=== Your objective ===
Your task is to transcribe the lines from the start of the data below through the line containing "2000 Ford F350", inclusive, exactly as they stand and without the pictures.

(Dataset excerpts)

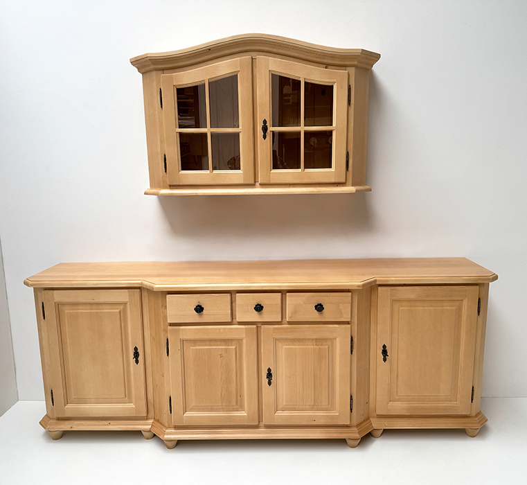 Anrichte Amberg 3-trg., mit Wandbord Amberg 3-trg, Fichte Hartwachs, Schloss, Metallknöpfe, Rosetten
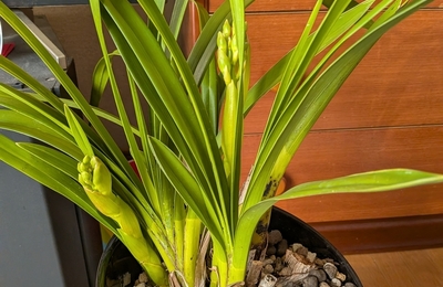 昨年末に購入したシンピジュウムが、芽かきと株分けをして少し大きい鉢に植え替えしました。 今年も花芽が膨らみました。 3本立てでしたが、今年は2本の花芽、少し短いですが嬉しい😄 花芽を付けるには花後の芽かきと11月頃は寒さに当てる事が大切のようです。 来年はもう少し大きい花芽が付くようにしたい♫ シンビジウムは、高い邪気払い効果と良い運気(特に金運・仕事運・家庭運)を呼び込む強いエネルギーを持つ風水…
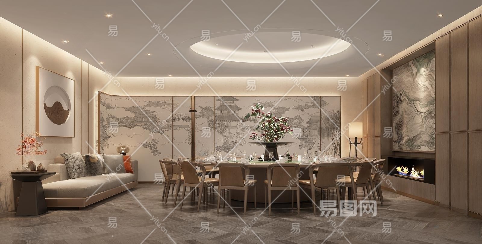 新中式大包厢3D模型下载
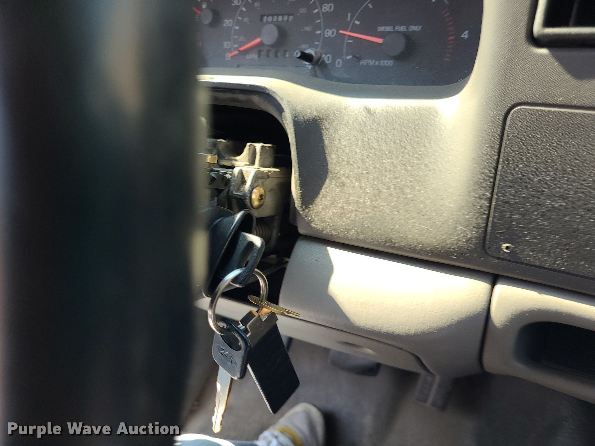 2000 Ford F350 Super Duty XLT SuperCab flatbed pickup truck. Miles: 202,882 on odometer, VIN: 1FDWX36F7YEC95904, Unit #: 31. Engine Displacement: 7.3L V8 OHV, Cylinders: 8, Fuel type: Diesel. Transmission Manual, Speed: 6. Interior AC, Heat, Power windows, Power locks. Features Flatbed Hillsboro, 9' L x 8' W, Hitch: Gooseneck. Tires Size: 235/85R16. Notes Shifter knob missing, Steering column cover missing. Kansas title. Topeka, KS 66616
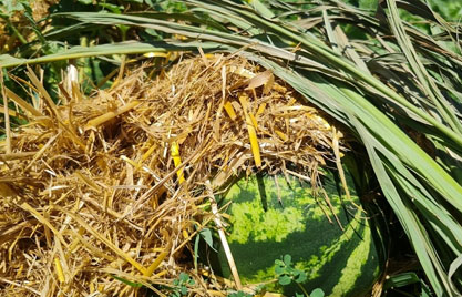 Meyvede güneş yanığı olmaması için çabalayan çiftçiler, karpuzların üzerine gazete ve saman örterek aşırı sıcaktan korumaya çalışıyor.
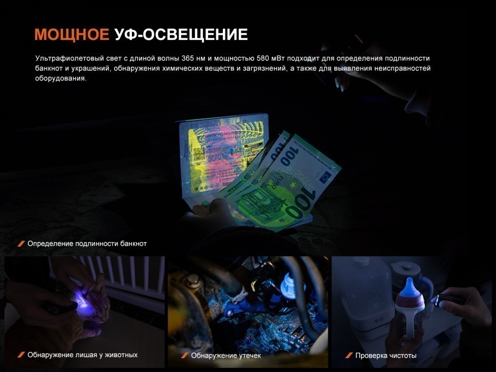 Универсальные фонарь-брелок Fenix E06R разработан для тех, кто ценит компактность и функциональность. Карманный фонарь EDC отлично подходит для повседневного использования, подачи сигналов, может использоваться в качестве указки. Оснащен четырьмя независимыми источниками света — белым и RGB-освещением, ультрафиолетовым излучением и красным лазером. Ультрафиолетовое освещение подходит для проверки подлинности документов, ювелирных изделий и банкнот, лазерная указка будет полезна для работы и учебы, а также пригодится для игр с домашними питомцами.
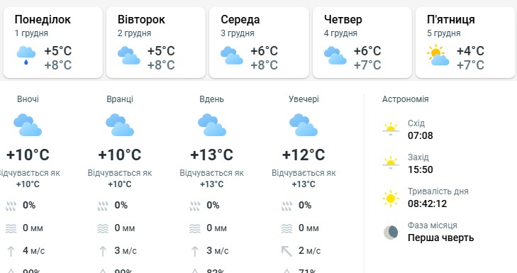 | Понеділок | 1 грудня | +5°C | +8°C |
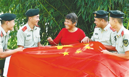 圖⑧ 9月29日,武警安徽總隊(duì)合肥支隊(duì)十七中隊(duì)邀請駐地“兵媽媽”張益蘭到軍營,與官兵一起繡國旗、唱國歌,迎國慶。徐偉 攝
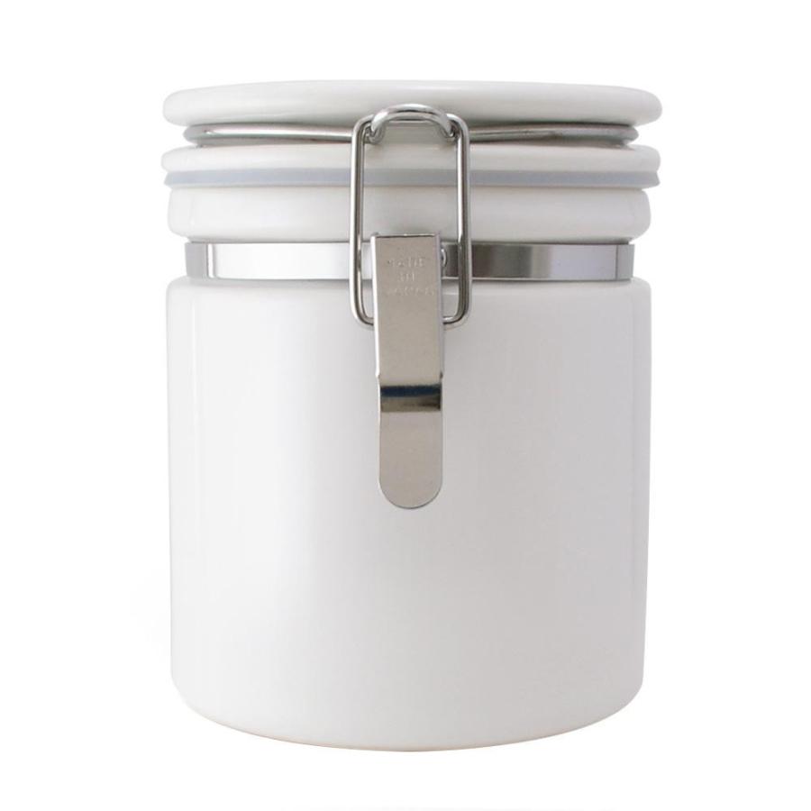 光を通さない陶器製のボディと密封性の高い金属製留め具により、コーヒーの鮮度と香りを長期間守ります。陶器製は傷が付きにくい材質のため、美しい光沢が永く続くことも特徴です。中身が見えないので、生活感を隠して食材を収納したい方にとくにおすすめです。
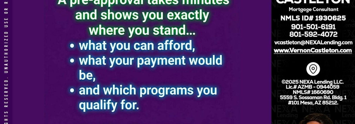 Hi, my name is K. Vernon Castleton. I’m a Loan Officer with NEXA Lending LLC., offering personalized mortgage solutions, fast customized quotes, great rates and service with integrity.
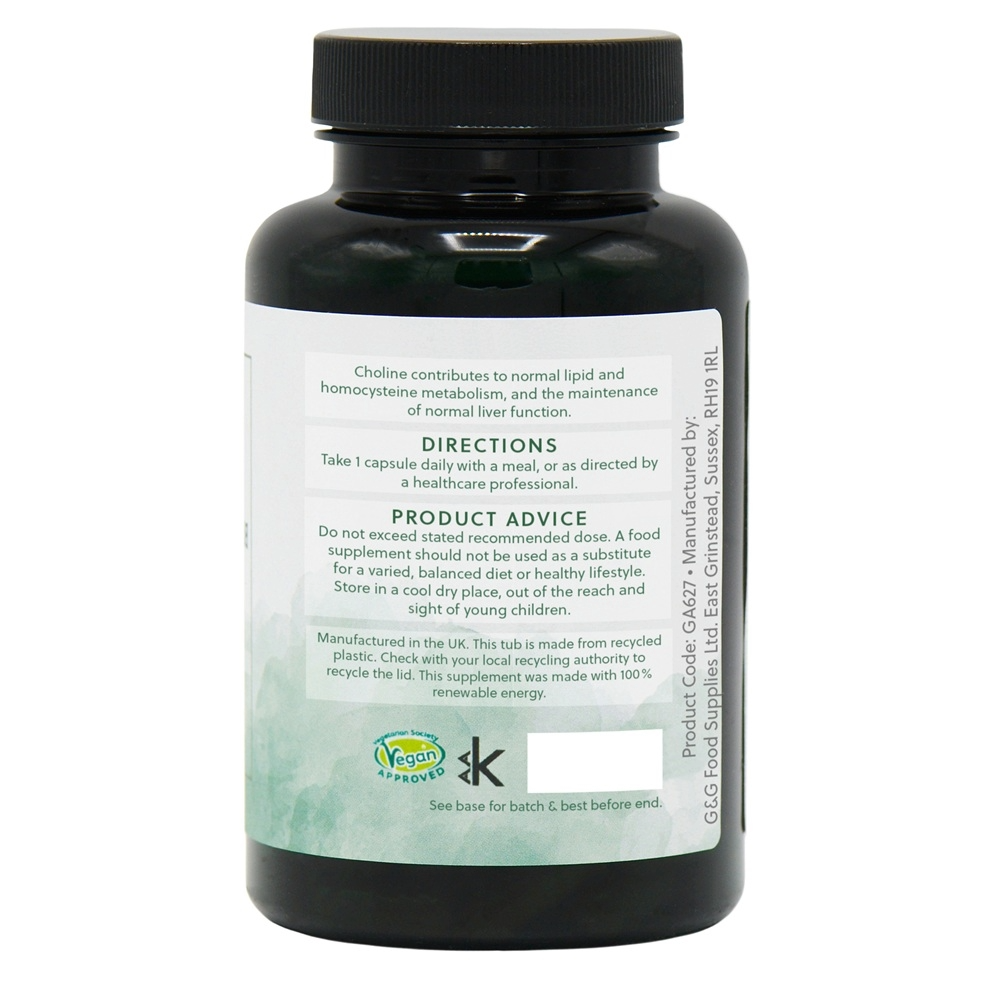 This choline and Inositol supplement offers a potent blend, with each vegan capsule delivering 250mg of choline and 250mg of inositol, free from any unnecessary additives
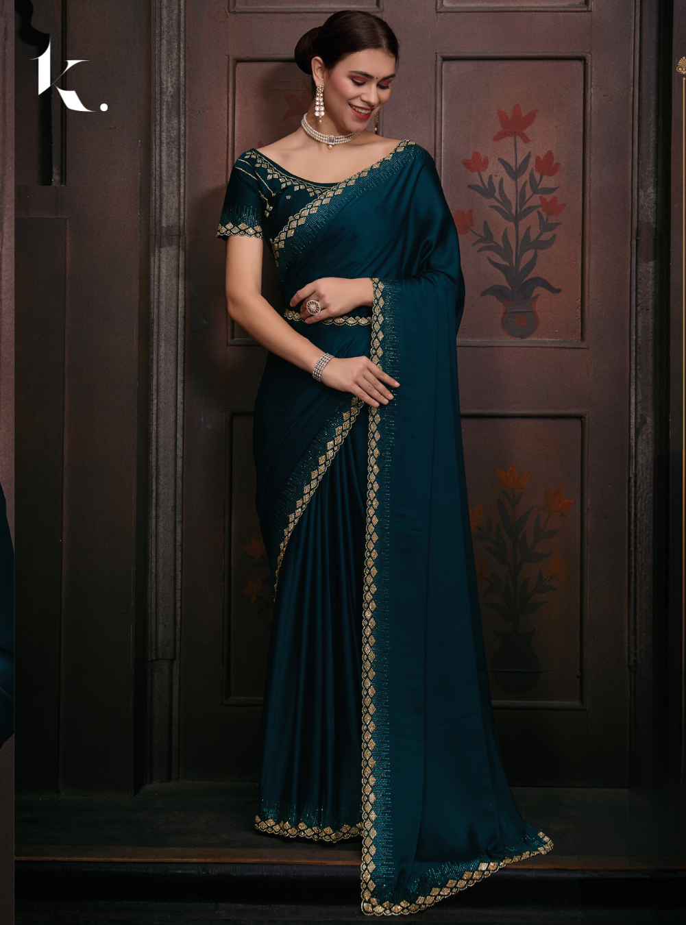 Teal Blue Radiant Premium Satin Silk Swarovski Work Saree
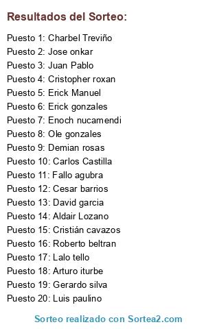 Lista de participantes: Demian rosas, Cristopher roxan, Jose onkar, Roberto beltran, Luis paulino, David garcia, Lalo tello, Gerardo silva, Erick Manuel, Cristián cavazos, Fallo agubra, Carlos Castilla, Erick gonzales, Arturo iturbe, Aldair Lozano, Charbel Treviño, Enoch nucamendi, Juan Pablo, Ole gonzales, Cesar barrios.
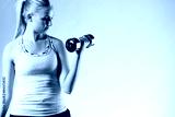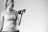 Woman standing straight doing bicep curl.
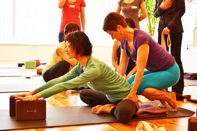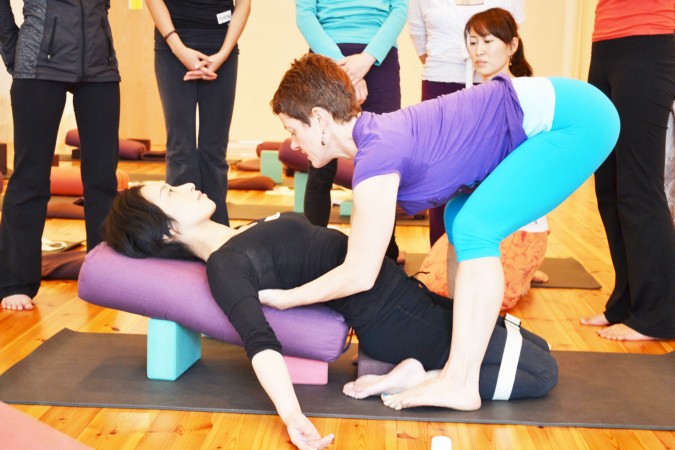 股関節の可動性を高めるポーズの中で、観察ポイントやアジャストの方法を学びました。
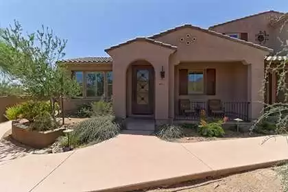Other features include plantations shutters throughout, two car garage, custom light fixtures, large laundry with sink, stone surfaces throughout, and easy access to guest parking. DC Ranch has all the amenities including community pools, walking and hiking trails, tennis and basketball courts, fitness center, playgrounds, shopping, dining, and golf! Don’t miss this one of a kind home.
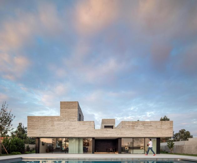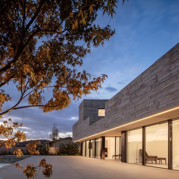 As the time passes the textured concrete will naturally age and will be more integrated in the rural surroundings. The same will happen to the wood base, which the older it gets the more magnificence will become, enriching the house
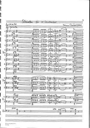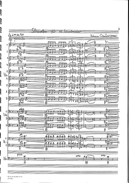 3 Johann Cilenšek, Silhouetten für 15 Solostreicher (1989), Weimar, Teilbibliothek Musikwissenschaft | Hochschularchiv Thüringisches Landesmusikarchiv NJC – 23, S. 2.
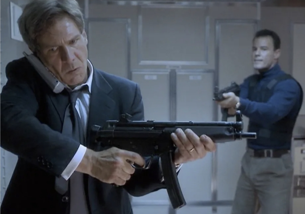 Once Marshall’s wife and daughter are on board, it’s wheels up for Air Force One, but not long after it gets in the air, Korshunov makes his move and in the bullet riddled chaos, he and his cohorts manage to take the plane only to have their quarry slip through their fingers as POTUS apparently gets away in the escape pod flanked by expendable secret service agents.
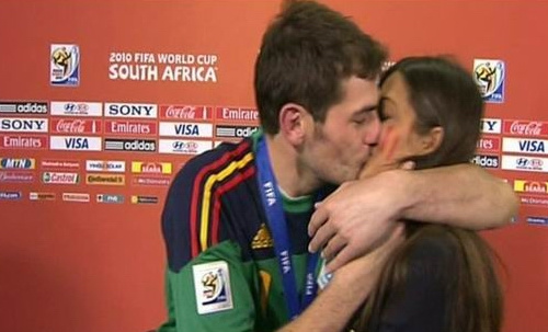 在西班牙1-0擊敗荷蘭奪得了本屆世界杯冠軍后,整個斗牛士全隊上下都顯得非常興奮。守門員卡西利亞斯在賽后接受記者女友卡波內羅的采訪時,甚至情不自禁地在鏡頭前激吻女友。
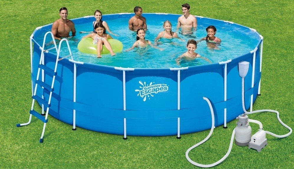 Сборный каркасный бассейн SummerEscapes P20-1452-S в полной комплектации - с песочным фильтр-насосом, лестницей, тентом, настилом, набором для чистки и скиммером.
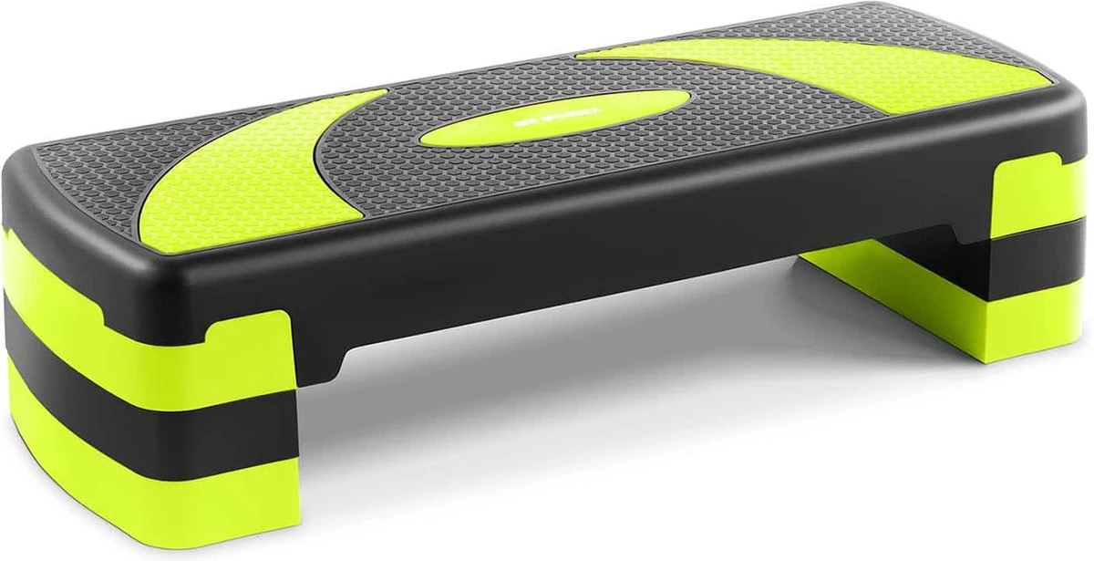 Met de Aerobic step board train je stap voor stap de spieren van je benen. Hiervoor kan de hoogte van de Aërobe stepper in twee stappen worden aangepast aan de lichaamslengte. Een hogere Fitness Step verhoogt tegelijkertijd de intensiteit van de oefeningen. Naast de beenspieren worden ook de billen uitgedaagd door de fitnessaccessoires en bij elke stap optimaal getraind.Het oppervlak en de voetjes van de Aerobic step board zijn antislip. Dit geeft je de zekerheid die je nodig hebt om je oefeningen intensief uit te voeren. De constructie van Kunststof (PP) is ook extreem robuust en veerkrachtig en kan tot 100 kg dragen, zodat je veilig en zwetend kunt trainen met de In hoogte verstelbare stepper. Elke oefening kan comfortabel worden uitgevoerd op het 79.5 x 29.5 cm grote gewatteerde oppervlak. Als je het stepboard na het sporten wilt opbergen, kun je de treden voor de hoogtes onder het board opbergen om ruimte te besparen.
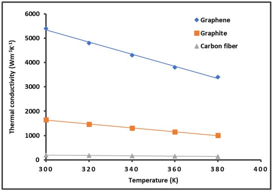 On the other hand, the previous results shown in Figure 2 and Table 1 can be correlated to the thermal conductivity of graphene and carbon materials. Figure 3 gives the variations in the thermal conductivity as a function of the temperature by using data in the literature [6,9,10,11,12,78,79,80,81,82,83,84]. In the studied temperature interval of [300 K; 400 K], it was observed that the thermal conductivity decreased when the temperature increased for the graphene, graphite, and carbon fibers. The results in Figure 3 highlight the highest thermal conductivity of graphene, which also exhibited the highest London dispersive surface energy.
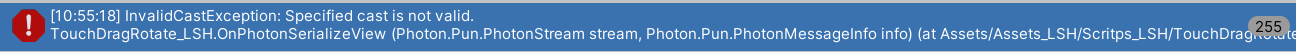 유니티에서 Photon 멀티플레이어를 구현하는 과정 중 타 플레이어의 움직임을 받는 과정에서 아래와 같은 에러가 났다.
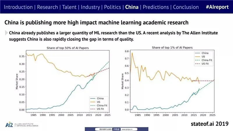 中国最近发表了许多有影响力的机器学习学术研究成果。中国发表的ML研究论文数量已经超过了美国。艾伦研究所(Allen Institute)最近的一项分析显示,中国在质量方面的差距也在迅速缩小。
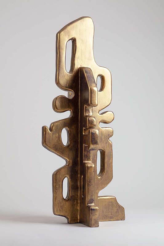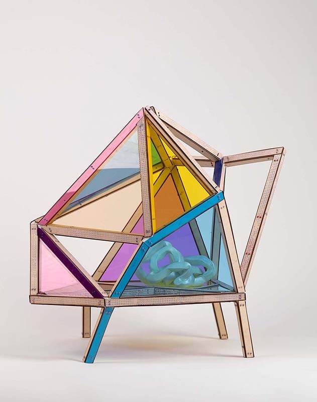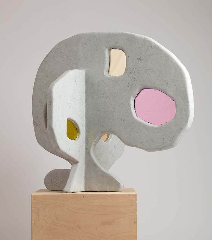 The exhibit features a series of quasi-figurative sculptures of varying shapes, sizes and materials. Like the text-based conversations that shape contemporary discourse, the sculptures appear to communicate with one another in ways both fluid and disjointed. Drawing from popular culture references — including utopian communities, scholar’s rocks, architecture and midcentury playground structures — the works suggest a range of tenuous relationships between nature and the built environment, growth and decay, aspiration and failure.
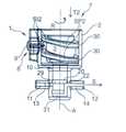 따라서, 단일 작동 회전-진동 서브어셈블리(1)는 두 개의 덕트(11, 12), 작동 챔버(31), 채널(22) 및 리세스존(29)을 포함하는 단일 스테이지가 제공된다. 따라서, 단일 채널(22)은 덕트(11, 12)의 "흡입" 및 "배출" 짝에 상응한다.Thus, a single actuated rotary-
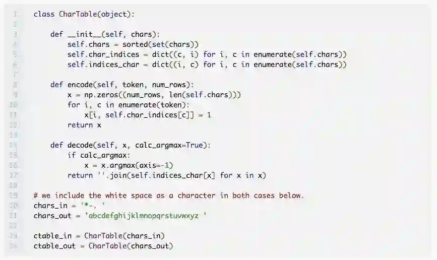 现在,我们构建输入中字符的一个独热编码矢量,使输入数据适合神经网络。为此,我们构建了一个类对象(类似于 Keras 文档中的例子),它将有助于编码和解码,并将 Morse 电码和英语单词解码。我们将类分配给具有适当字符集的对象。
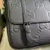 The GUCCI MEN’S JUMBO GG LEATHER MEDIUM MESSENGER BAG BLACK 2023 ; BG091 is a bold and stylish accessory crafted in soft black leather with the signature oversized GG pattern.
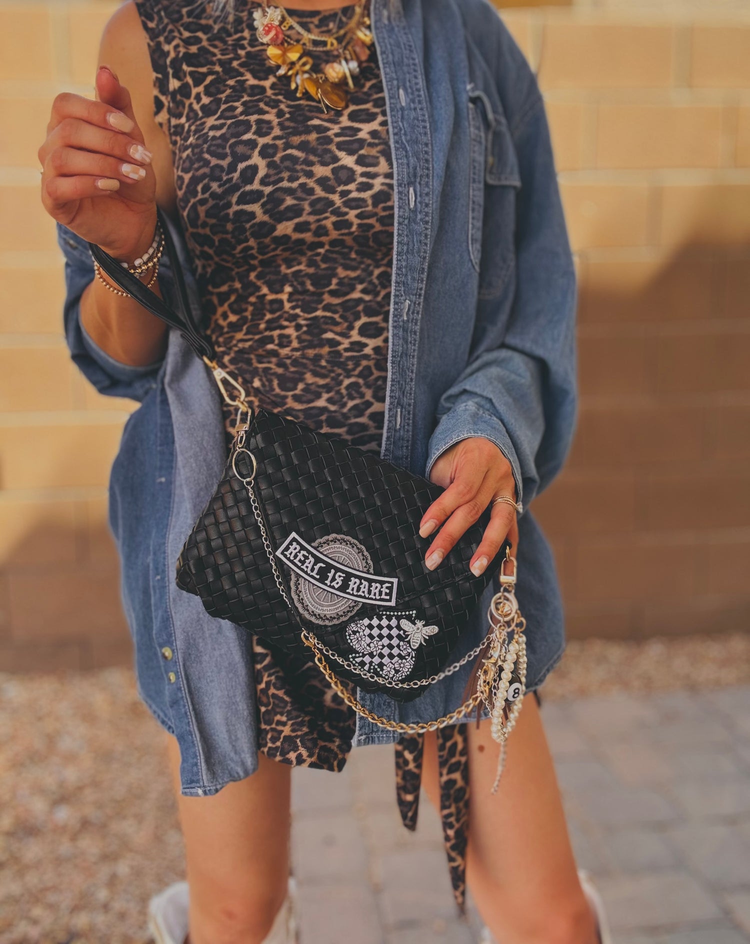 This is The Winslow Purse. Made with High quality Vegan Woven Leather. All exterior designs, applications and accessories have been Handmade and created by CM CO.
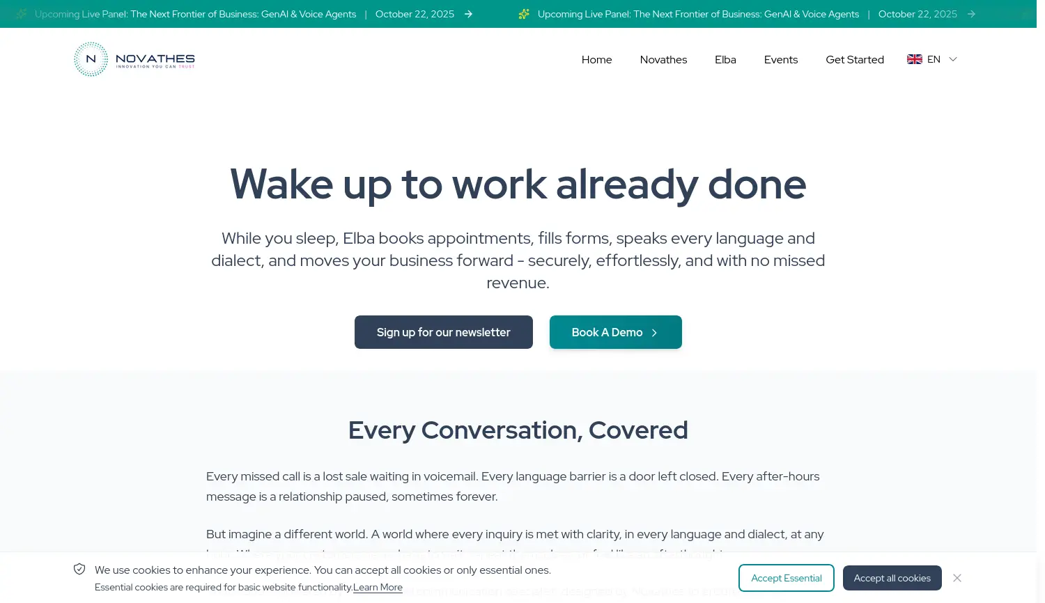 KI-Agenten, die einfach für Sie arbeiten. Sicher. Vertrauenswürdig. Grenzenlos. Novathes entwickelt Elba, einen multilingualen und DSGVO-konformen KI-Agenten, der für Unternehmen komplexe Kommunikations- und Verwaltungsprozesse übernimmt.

=== Response for this exercise ===
 Anrichte Amberg 3-trg., mit Wandbord Amberg 3-trg, Fichte Hartwachs, Schloss, Metallknöpfe, Rosetten
 昨年末に購入したシンピジュウムが、芽かきと株分けをして少し大きい鉢に植え替えしました。 今年も花芽が膨らみました。 3本立てでしたが、今年は2本の花芽、少し短いですが嬉しい😄 花芽を付けるには花後の芽かきと11月頃は寒さに当てる事が大切のようです。 来年はもう少し大きい花芽が付くようにしたい♫ シンビジウムは、高い邪気払い効果と良い運気(特に金運・仕事運・家庭運)を呼び込む強いエネルギーを持つ風水…
 新中式大包厢3D模型下载
 2000 Ford F350 Super Duty XLT SuperCab flatbed pickup truck. Miles: 202,882 on odometer, VIN: 1FDWX36F7YEC95904, Unit #: 31. Engine Displacement: 7.3L V8 OHV, Cylinders: 8, Fuel type: Diesel. Transmission Manual, Speed: 6. Interior AC, Heat, Power windows, Power locks. Features Flatbed Hillsboro, 9' L x 8' W, Hitch: Gooseneck. Tires Size: 235/85R16. Notes Shifter knob missing, Steering column cover missing. Kansas title. Topeka, KS 66616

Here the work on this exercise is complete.